- Born: 1961 (age 64–65) Melbourne, Australia
- Education: Monash University, Gippsland campus
- Known for: painting, installation art
- Awards: QEII Arts Council Grant, Re Akaroa Arts Entertainment Programme (1985); Australia Council for the Arts Overseas Development Grant for Besozzo, Italy (1996); Studio Support (Atelierförderung) by the City of Munich's cultural department (1998–2001); 1st Prize, "Kunstfrühling", Bad Wörishofen, Germany (2003);
- Website: annepincus.net

= Anne Pincus =

Australian artist, sculptor (born 1961)

 Anne Pincus (born Melbourne, 1961) is an Australian painter and installation artist. She currently lives in Munich, Germany.

Pincus studied Visual Art at the Monash University, Gippsland campus from 1978 to 1983. She was a member of the Roar 2 Studio artists collective in Fitzroy, Melbourne. She received her Graduate Diploma in Religious Education from La Trobe University in 1992. In 1994 she moved to Germany. She has participated in many group and solo exhibitions.

Nevill Drury wrote in 1994 that "Anne Pincus ... introduce[s] a more general mystical quality to their painting which evokes a sense of space and timelessness not rooted in any specific religio[n]". Although she lives in Germany, Pincus has exhibited occasionally in Australia and sometimes addresses the experience of Australian artists living overseas. A review of her "ask the dust" exhibition in 1998 in Sydney stated her exhibition was "based on the difference between the light, sand and dust of Australia and Israel and the darkness of Europe" and that she was enthusiastic "for the opportunities in Europe for cross-cultural collaboration."
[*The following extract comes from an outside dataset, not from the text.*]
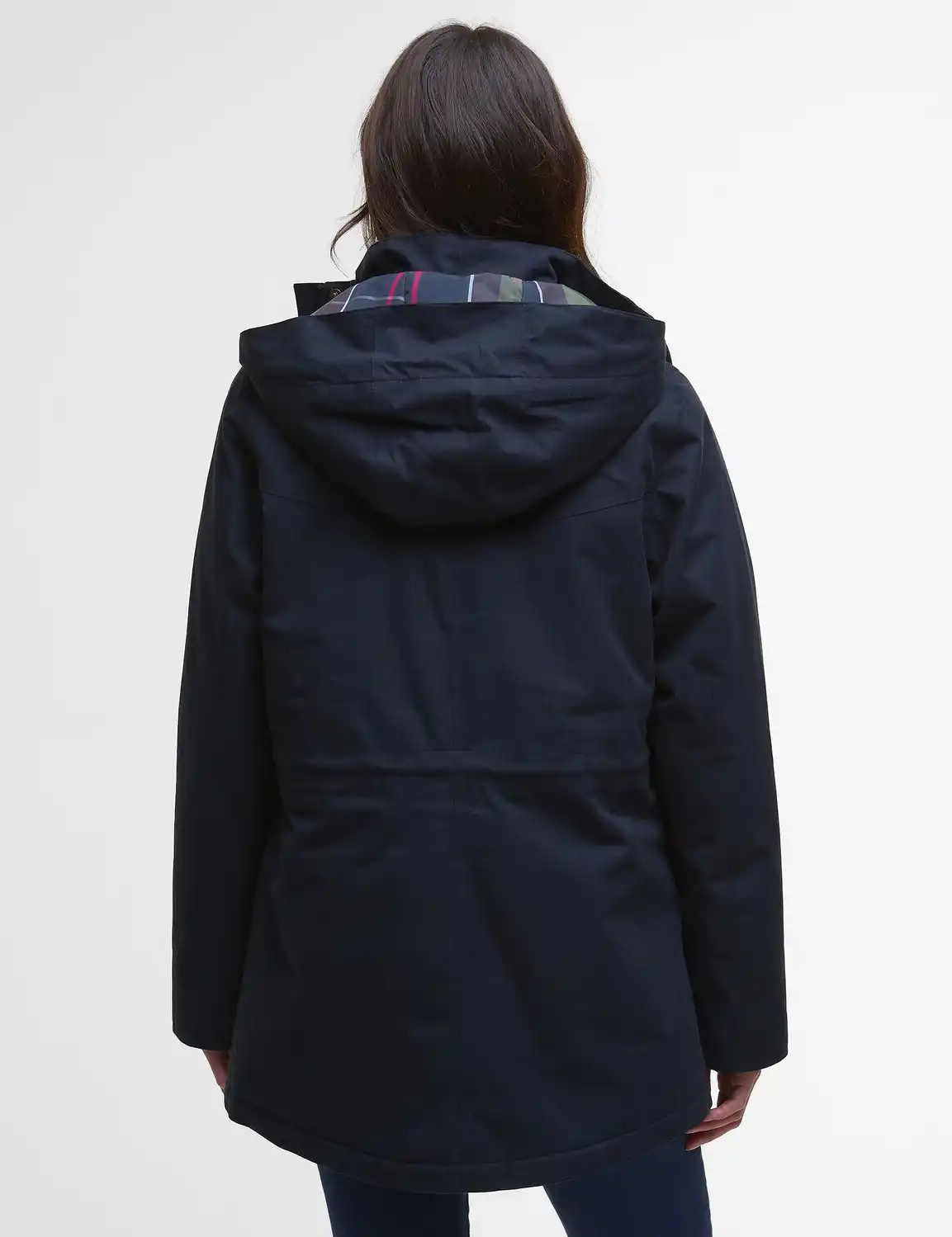 The Barbour Buttercup Waterproof Jacket seamlessly blends timeless Barbour style with all-weather functionality. Crafted with a water-repellent outer fabric, it's ideal for rainy-day adventures. Featuring an adjustable waistband and hood for a personalized fit, it ensures comfort no matter what the outdoors has in store. A funnel collar adds extra warmth, keeping the cold at bay.

In the 2010s, Pincus explored contrasting ways of depicting places, and the symbolism of gardens, overlaying the symbols of topographical maps on to blurred oil paintings of gardens. She has also explored different perceptions of forests, as threatening, fairy-tale like or vulnerable, through her paintings and installations.

In 2014, she participated in an artistic exploration of the theme 'Building Bridges with Christ' displayed in Saint Blaise Abbey, Black Forest, with an installation called 'Parachute Love', a parachute suspended floating beneath the Gothic vault. She had also displayed this installation in St. Benedict's Church, Munich, in 2006.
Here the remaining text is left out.